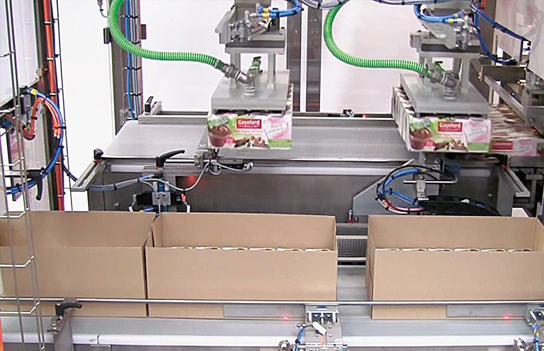 Unsere integrierten Anlagen sind besonders platzsparend und gliedern sich perfekt in Ihre Systeme ein. Sensible oder auch kopflastige Produkte, die möglichst nicht über Bänder gefördert werden sollten, verarbeiten sie besonders schonend bei maximaler Betriebssicherheit. Ihr Vorteil: Greifersysteme entnehmen die Produkte direkt aus der Primäranlage und setzen sie in die Umverpackung ein. Die integrierten Anlagen konzipieren wir in enger Abstimmung mit dem Hersteller der Füllanlagen und passen sie speziell an die jeweiligen Bedürfnisse an.
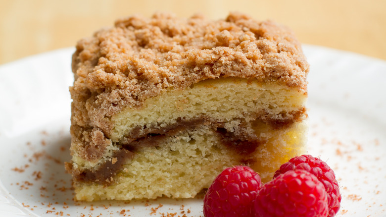 A good Sunday crumb cake is unmatched. This type of cake combines several delicious elements into every bite; you have a cakey, vanilla-forward base interspersed with ribbons of cinnamon sugar, all topped with that delectable streusel accent. It's so good that we wonder why Crumbl hasn't jumped on this cookie idea yet. Its peach cobbler cookie, for example, already has a streusel topping.
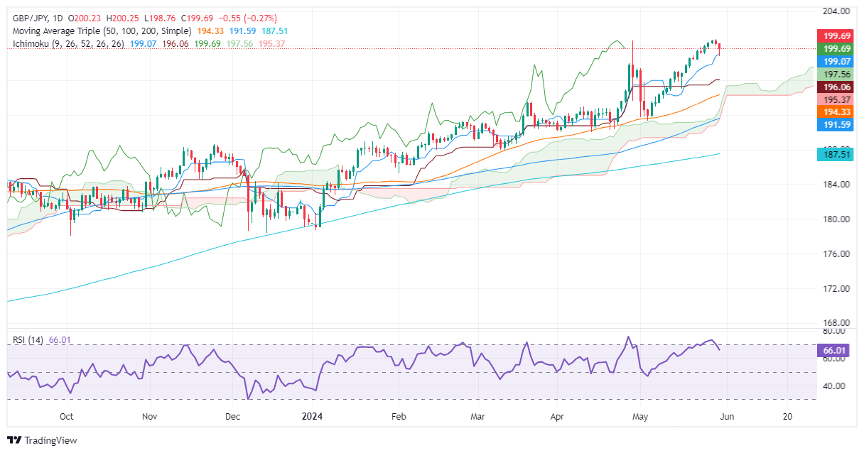 英镑/日元连续第二日扩大跌幅,此前英镑/日元从 5 月 29 日触及的年内迄今(YTD)高点 200.74 附近回撤。截至发稿时,英镑/日元报 199.68,小幅下跌 0.24%。
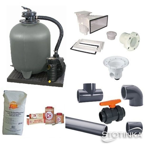 Bazenski komplet vključuje vse potrebno za postavitev popolnoma funkcionalnega bazena in sicer: stiroporne zidake; montažno folijo debeline 0,75 mm; kaširani antibakterijski filc; aluminijaste kotnike za pritrditev folije; INOX lestev; peščeni filter set Aqua Technik 11m3/h; vgradne elemente bazenske instalacije s samoreznimi vijaki (1 x talni odtok Aqualux Vitalia, 2 x skimer Aqualux Vitalia, 4 x povratna šoba Aqualux Vitalia); ves potreben cevni ter spojni material.

**WORK ITEM**
Omit the pictures, then retype the remaining material without a single change.

**SOLVED EXERCISE**
 Unsere integrierten Anlagen sind besonders platzsparend und gliedern sich perfekt in Ihre Systeme ein. Sensible oder auch kopflastige Produkte, die möglichst nicht über Bänder gefördert werden sollten, verarbeiten sie besonders schonend bei maximaler Betriebssicherheit. Ihr Vorteil: Greifersysteme entnehmen die Produkte direkt aus der Primäranlage und setzen sie in die Umverpackung ein. Die integrierten Anlagen konzipieren wir in enger Abstimmung mit dem Hersteller der Füllanlagen und passen sie speziell an die jeweiligen Bedürfnisse an.
 A good Sunday crumb cake is unmatched. This type of cake combines several delicious elements into every bite; you have a cakey, vanilla-forward base interspersed with ribbons of cinnamon sugar, all topped with that delectable streusel accent. It's so good that we wonder why Crumbl hasn't jumped on this cookie idea yet. Its peach cobbler cookie, for example, already has a streusel topping.
 英镑/日元连续第二日扩大跌幅,此前英镑/日元从 5 月 29 日触及的年内迄今(YTD)高点 200.74 附近回撤。截至发稿时,英镑/日元报 199.68,小幅下跌 0.24%。
 Bazenski komplet vključuje vse potrebno za postavitev popolnoma funkcionalnega bazena in sicer: stiroporne zidake; montažno folijo debeline 0,75 mm; kaširani antibakterijski filc; aluminijaste kotnike za pritrditev folije; INOX lestev; peščeni filter set Aqua Technik 11m3/h; vgradne elemente bazenske instalacije s samoreznimi vijaki (1 x talni odtok Aqualux Vitalia, 2 x skimer Aqualux Vitalia, 4 x povratna šoba Aqualux Vitalia); ves potreben cevni ter spojni material.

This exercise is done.